The central premise is that the internet has homogenized culture—broadly defined—into a flat, boring sameness. Chayka first noticed the trend while traveling, and seeking out the much-maligned hipster coffee shops he admits he’s a fan of (I am, too). Whether he was in Mexico City or Tokyo, the reclaimed wood and the Edison bulbs that adorned these coffee shops gave Chayka a familiar sense of comfort (again, same).
But by embracing the “Instagram aesthetic,” these places felt untethered from the world, with no real personality. Throughout the book, Chayka explores how this homogenization came to be. Spoiler: It’s Instagram.
The phenomenon applies to much more than coffee shops, of course, and Chayka expands his thesis to Spotify and many other realms to get at why all forms of culture feel so same-y. It’s not an accident: It’s the incentives of a globalized economy powered by the internet that got us here.
Again, there’s not a ton of revelation here, but there’s something satisfying about Chayka connecting the dots. He’s at his best towards the end of the book, when he makes the costs of all this flattening evident through personal anecdotes, especially when he describes how a particular cultural artifact impacted him in a way that algorithms can never replicate.

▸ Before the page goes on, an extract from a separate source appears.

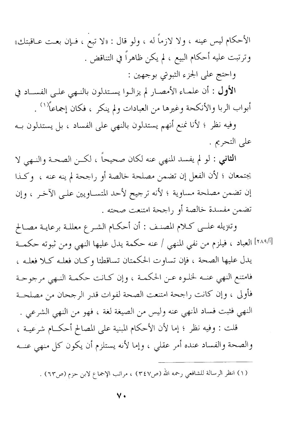 قلت: وفيه نظر؛ إما لأن الأحكام المبنية على المصالح أحكام شرعية, والصحة والفاسد عنده أمر عقلي, وإما لأنه يستلزم أن يكون كل منهي عنه

Here’s Chayka describing his first encounter with a John Coltrane piece, heard over his car radio:
That night, a jazz track started with a series of pounding piano chords and a drum backbeat alongside percussive thunks from an upright bass. Then a single horn melody traced over the background like a shooting star or a bird whirling against a clear sky. Though structurally it was a standard jazz quartet, it was unlike anything I had ever heard before. The track kept unspooling as I drove, charging along every time I thought it might stop, moving through periods of rhythmic calm and then into discordant horn solos that only dipped occasionally into recognizable melody. It lasted more than thirteen minutes, bringing me all the way back into the driveway. When the song finally subsided, the woman’s voice on the radio explained that it was John Coltrane’s recording of “My Favorite Things.”
Not necessarily a jazz fan at that point, Chayka only heard the piece because a DJ at a radio station he knew and trusted played it. In other words, he had a chance encounter with a piece of art that moved him precisely because it wasn’t in his usual wheelhouse. Spotify could never.
As the internet ages, we’re seeing with more and more clarity what we’re losing to algorithms, to digital frictionlessness, to outsourcing our creative exploration to tech firms. There’s something comforting in naming the loss, so that we can reclaim what was once ours.